Strings and Runes in Miranda

Our Java program will demonstrate the concept of strings and characters. Here’s the full source code:

import java.nio.charset.StandardCharsets;

public class StringsAndChars {
    public static void main(String[] args) {
        // s is a String assigned a literal value
        // representing the word "hello" in the Thai language.
        // Java string literals are UTF-16 encoded text.
        final String s = "สวัสดี";

        // This will produce the length of the string in characters.
        System.out.println("Length: " + s.length());

        // This loop generates the hex values of all
        // the bytes that constitute the code points in s.
        System.out.print("Bytes: ");
        byte[] bytes = s.getBytes(StandardCharsets.UTF_8);
        for (byte b : bytes) {
            System.out.printf("%x ", b);
        }
        System.out.println();

        // To count how many characters are in a string, we can use
        // the length() method.
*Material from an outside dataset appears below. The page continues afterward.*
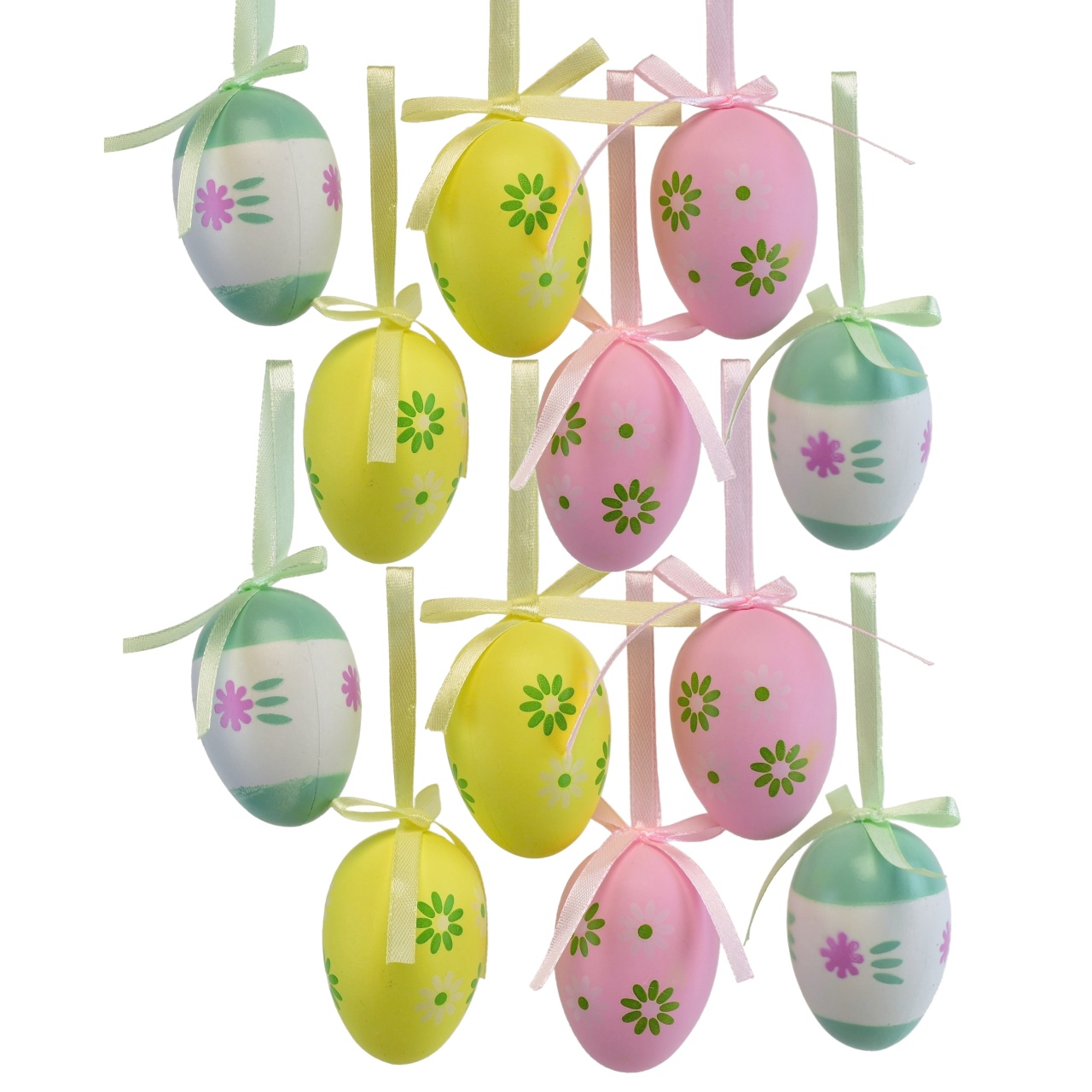 Velikonoční vajíčka s květinami představují perfektní dekoraci pro vaše velikonoční svátky. Tato sada obsahuje 12 ručně malovaných vajíček o velikosti 6x4 cm, která dodají vašemu domovu jarní a veselou atmosféru.

Note that some Thai characters
        // are represented by UTF-16 surrogate pairs, so the result
        // of this count may be surprising.
        System.out.println("Character count: " + s.codePointCount(0, s.length()));

        // We can iterate over each character (code point) in the string.
        System.out.println("\nUsing codePoints():");
        s.codePoints().forEach(cp -> {
            System.out.printf("%#X starts at %d\n", cp, s.indexOf(new String(Character.toChars(cp))));
            examineChar((char) cp);
        });
    }

    private static void examineChar(char c) {
        // We can compare a char value to a char literal directly.
        if (c == 't') {
            System.out.println("found tee");
        } else if (c == 'ส') {
            System.out.println("found so sua");
        }
    }
}

To run the program, compile and execute it using javac and java:

$ javac StringsAndChars.java
$ java StringsAndChars
Length: 6
Bytes: e0 b8 aa e0 b8 a7 e0 b8 b1 e0 b8 aa e0 b8 94 e0 b8 b5 
Character count: 6

Using codePoints():
0XE2A starts at 0
found so sua
0XE27 starts at 1
0XE31 starts at 2
0XE2A starts at 3
found so sua
0XE14 starts at 4
0XE35 starts at 5

This example demonstrates several important concepts:

  1. In Java, strings are sequences of UTF-16 code units. Some characters (like those in the Thai example) are represented by a single code unit, while others may require two code units (surrogate pairs).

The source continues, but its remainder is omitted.